**TASK BRIEF:** Output the data below only from the line containing "Gemeinsam mit Vertretern" up to and including the line containing "1、超多神秘的鱼类等你来发现", exact and with the pictures left out.

**RECORDS FOR PROCESSING:**
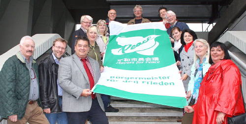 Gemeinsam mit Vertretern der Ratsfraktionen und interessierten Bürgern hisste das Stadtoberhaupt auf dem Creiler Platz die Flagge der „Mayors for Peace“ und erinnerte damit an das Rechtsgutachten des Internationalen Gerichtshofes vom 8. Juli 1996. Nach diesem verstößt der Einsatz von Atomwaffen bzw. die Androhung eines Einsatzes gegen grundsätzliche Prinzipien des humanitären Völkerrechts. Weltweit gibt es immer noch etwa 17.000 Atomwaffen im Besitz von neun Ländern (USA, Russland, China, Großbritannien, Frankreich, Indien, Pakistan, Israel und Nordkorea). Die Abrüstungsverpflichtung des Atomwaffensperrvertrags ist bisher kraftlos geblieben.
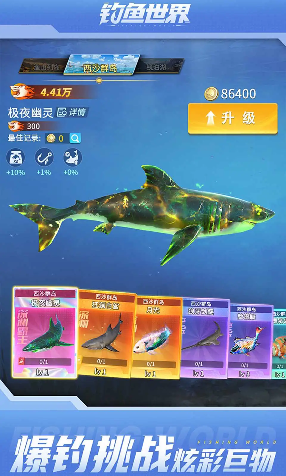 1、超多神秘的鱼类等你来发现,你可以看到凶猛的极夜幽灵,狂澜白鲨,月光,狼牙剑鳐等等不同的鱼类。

---

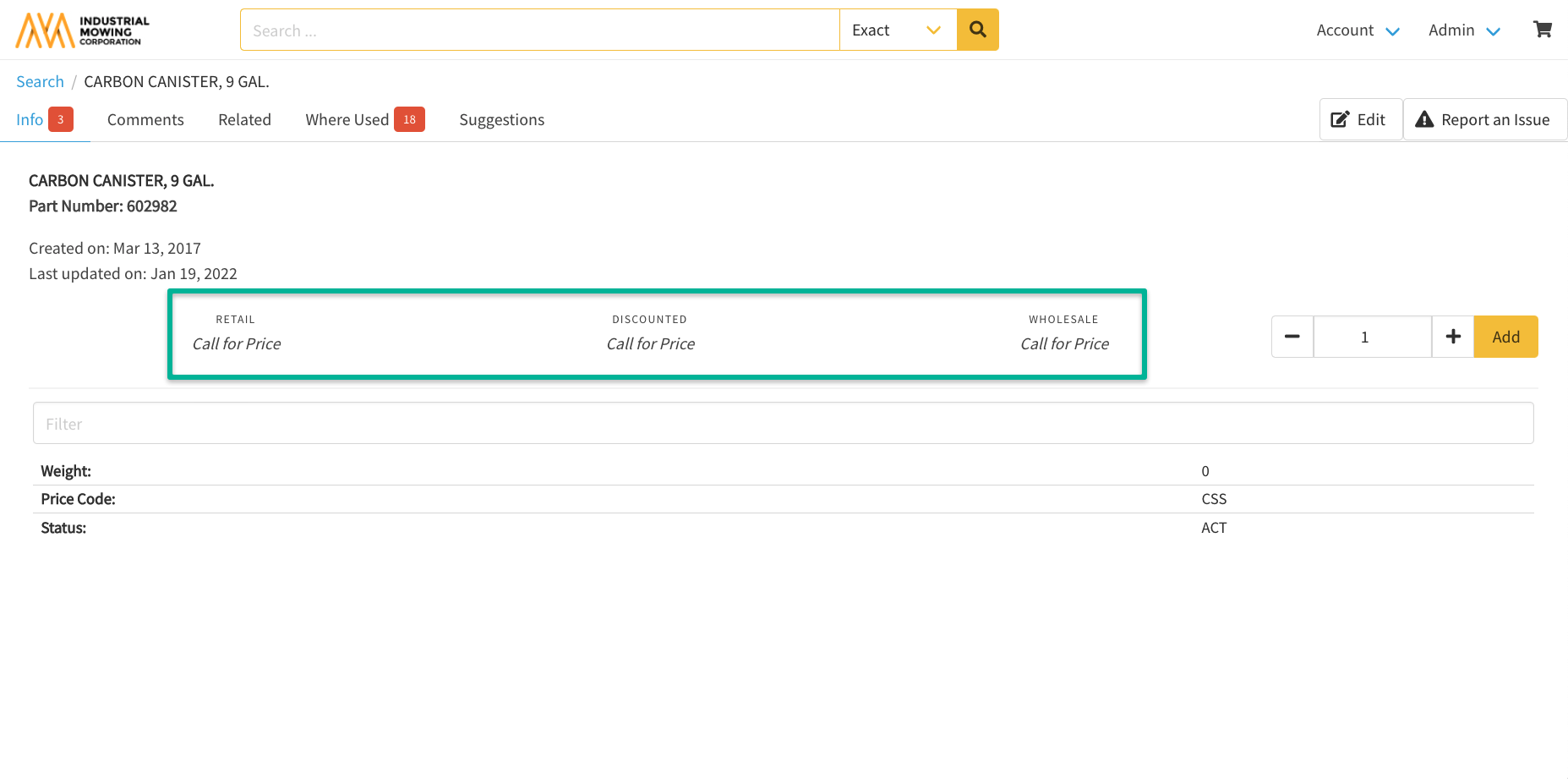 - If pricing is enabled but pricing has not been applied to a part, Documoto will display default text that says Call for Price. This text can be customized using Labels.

**RESULT OF THIS TASK:**
 Gemeinsam mit Vertretern der Ratsfraktionen und interessierten Bürgern hisste das Stadtoberhaupt auf dem Creiler Platz die Flagge der „Mayors for Peace“ und erinnerte damit an das Rechtsgutachten des Internationalen Gerichtshofes vom 8. Juli 1996. Nach diesem verstößt der Einsatz von Atomwaffen bzw. die Androhung eines Einsatzes gegen grundsätzliche Prinzipien des humanitären Völkerrechts. Weltweit gibt es immer noch etwa 17.000 Atomwaffen im Besitz von neun Ländern (USA, Russland, China, Großbritannien, Frankreich, Indien, Pakistan, Israel und Nordkorea). Die Abrüstungsverpflichtung des Atomwaffensperrvertrags ist bisher kraftlos geblieben.
 1、超多神秘的鱼类等你来发现,你可以看到凶猛的极夜幽灵,狂澜白鲨,月光,狼牙剑鳐等等不同的鱼类。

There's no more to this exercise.